The Ohio Department of Agriculture (ODA) receives more complaints about spray drift in June than at any other times of the year. About 75% of the pesticide non-compliance calls ODA receives annually are related to spray drift. The situation may get even worse as the acreage of genetically modified crops increases.

The bad news is: Spray drift occurs wherever liquid sprays are applied. The good news is: Although complete elimination of spray drift is impossible, problems can be reduced to a minimum if chemicals are applied with the proper equipment under favorable weather conditions.

Regardless of where it occurs and what causes it, drift is undesirable because:

  1. It results in inefficient use of application equipment and applicator time.

  2. It may result in under-application of chemicals and ineffective pest control, this could lead to additional applications, reduced yield or higher production costs.

  3. It may result in over-application if the applicator knowingly over-applies chemicals to compensate for drift losses and to ensure the desired level of control.

  4. Losses and/or costly litigation may result if sensitive crops in adjacent fields are damaged.

  5. Unintentional contamination of foodstuffs from unacceptable pesticide residues can result in mandatory destruction of the crop.

  6. It may contribute to pollution of our shared air and water resources.

  7. It may affect the health and safety of susceptible human and livestock populations.

Drift is influenced by many factors that can usually be grouped into one of the following four categories:

A. Spray characteristics (too many small drift-prone droplets discharged from nozzle, small droplet size, volatility of the chemical applied, etc.)
B. Equipment and application techniques used.
C. Weather (high wind, low relative humidity and high ambient temperature).
D. Operator care and skill.

Operator's knowledge of what causes drift is perhaps the key element in reducing drift potential. Conscientious and experienced operators rarely get into serious trouble with drift damage because they understand drift and take steps to avoid it. Here are some management strategies to reduce spray drift from boom sprayers:

  1. Use nozzles that produce large droplets whenever possible, if biological effectiveness can be maintained (OSU Extension Fact Sheets AEX-523 and AEX-524 contain more about the new nozzles and their effectiveness in reducing drift).

  2. Keep the boom close to the spray target.

  3. Use greater spray volume and use nozzles with larger orifices.

  4. Use lower system pressure and check pressure gauge accuracy.

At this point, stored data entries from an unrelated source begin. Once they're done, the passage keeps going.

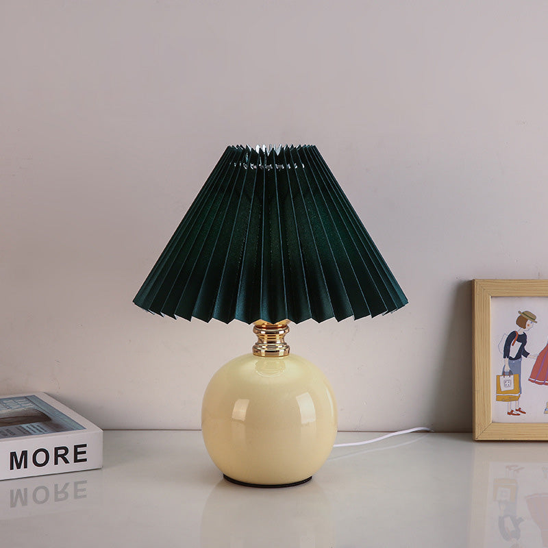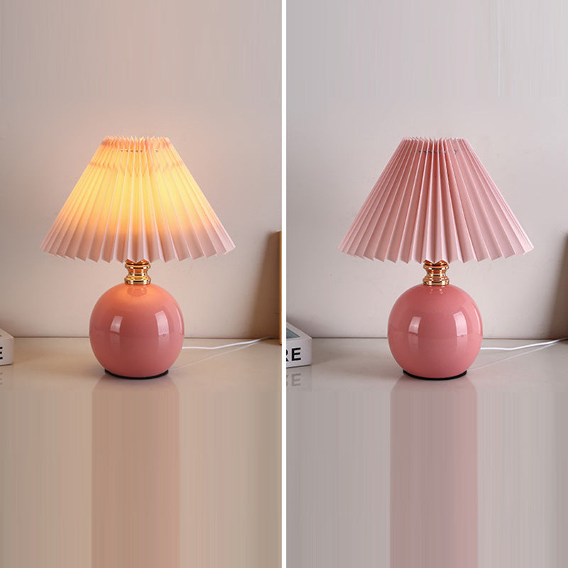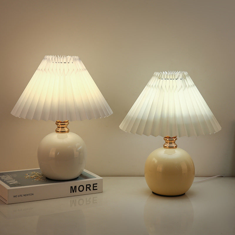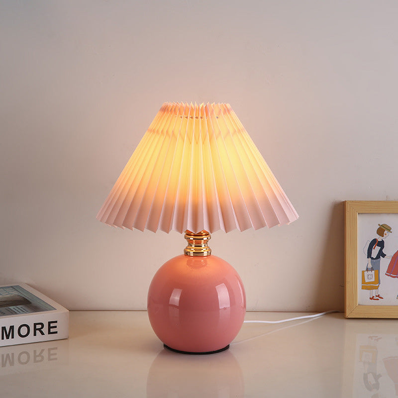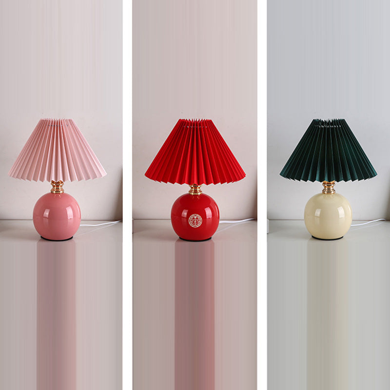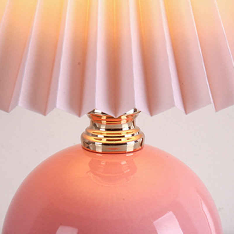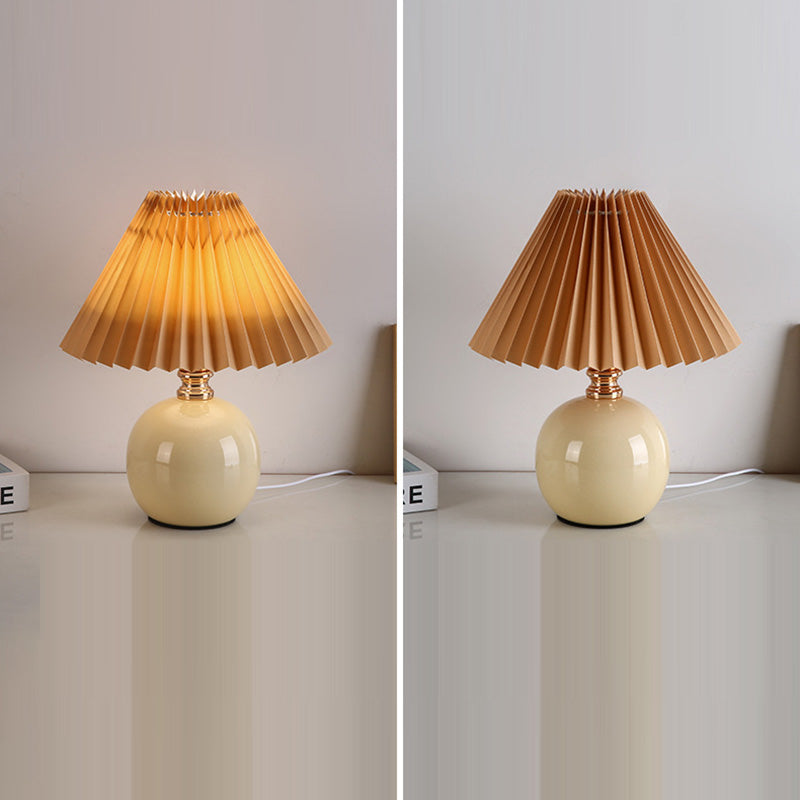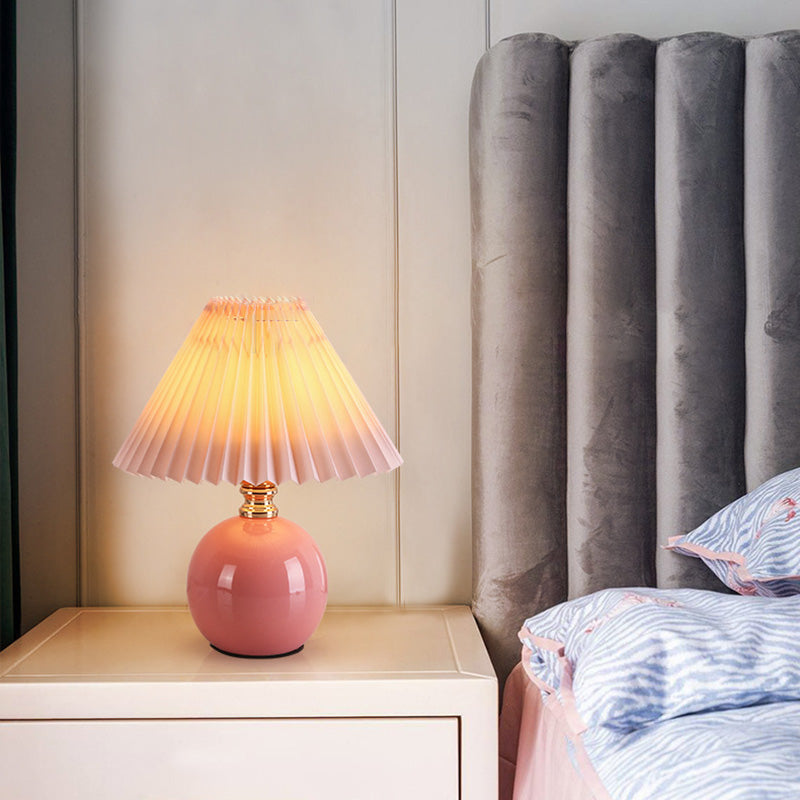 Modern Art Deco Orb Base Pleated Fabric Ceramic 1-Light Table Lamp For Bedroom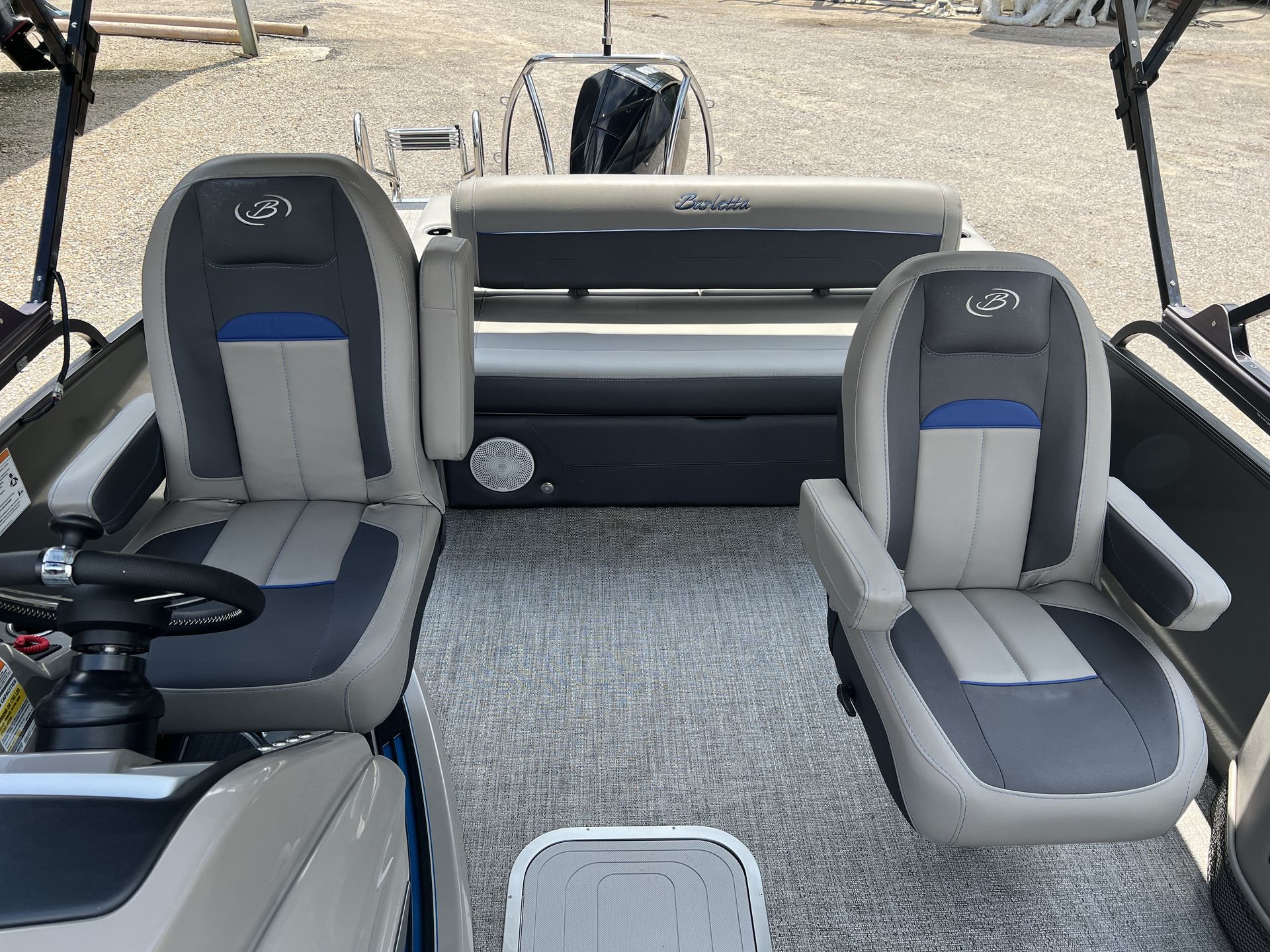 In addition to its recreational benefits, the Barletta Corsa 23UC is designed with practical considerations in mind. The efficient engine and thoughtful design contribute to excellent fuel economy, allowing you to spend more time on the water and less time at the pump. The boat's manageable size makes docking and maneuvering straightforward, even for those new to boating. Ample storage options throughout the boat ensure that you can bring along all the gear, snacks, and supplies you need for a full day of fun.The sturdy construction and reliable performance of this pontoon boat mean you can venture out with confidence, knowing that your vessel is built to handle a variety of conditions. Whether you are exploring new lakes, fishing with friends, or enjoying a quiet morning cruise, the Barletta Corsa 23UC adapts to your needs and enhances every outing.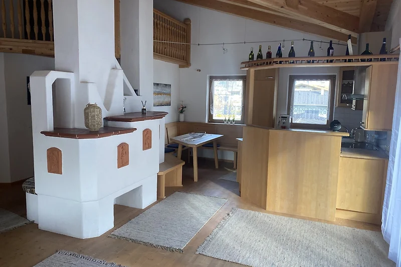 Benvenuti nell’appartamento per le vacanze nel cuore del Tirolo – il vostro perfetto rifugio per giornate indimenticabili a Buch in Tirol! Su una generosa superficie di 96 m², fino a 5 ospiti trovano ampio spazio per rilassarsi e godersi l’ambiente alpino. Due camere da letto confortevoli garantiscono notti riposanti, mentre il bagno con vasca e asciugacapelli è pronto per offrirvi un piacevole inizio di giornata. La cucina completamente attrezzata non lascia nulla a desiderare: con una moderna cucina componibile, lavastoviglie, macchina da caffè, bollitore e ampi piani di lavoro, cucinare insieme è un piacere. Lenzuola fresche sono naturalmente disponibili – così vi sentirete a casa fin dal primo momento. Il calore dei pavimenti in legno e i materiali naturali di alta qualità creano un’atmosfera particolarmente accogliente. L'appartamento è riservato esclusivament ai non fumatori e offre un ambiente adatto agli allergici – così potrete godervi il vostro soggiorno senza preoccupazioni. Anche un soggiorno prolungato è possibile, ideale per gli ospiti che desiderano vivere il Tirolo con tutta calma.

  5. Use drift retardants if droplet size cannot be controlled with nozzle selection.

  6. Follow label recommendations to avoid drift with highly volatile pesticides.

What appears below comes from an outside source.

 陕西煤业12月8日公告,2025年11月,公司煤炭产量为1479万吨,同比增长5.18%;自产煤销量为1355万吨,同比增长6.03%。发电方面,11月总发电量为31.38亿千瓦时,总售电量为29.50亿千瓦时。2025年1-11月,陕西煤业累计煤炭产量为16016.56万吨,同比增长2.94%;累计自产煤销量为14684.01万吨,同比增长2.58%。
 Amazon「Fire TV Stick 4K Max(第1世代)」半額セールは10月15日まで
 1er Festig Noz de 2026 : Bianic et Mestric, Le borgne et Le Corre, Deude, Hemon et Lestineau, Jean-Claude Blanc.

  7. Avoid spraying on extremely hot, dry days, especially if sensitive vegetation is nearby.

  8. Do not spray when conditions are favorable for an atmospheric inversion.

  9. Although the distance droplets will drift is a function of many other factors such as droplet size, relative humidity, temperature and boom height, it is best not to spray when wind speeds are greater than 5 miles per hour.

  10. Avoid spraying near sensitive areas located downwind. Leave a buffer strip 50 to 100 feet wide and spray this strip later when the wind shifts.

  11. Be sure to keep good records (wind speed and direction, temperature, relative humidity, etc. and evaluate spray results.

  12. New label requirements may use a drift model to determine the required buffer width. Travel slower (and lower boom height) and use nozzles which produce large droplets near sensitive areas. This will reduce the required buffer zone width, then, as distance from the sensitive area increases, nozzles can be changed to produce smaller droplets, if desired, and boom height raised so travel speed can be increased.

  13. Select the time when drift is likely to be low for spraying the parts of the field near sensitive areas.

  14. In the future, label requirements may specify nozzles that produce a certain droplet size spectrum, such as fine, medium, coarse, very coarse, etc. Carefully check the label to determine the optimum droplet size and proper nozzle size for a spray application.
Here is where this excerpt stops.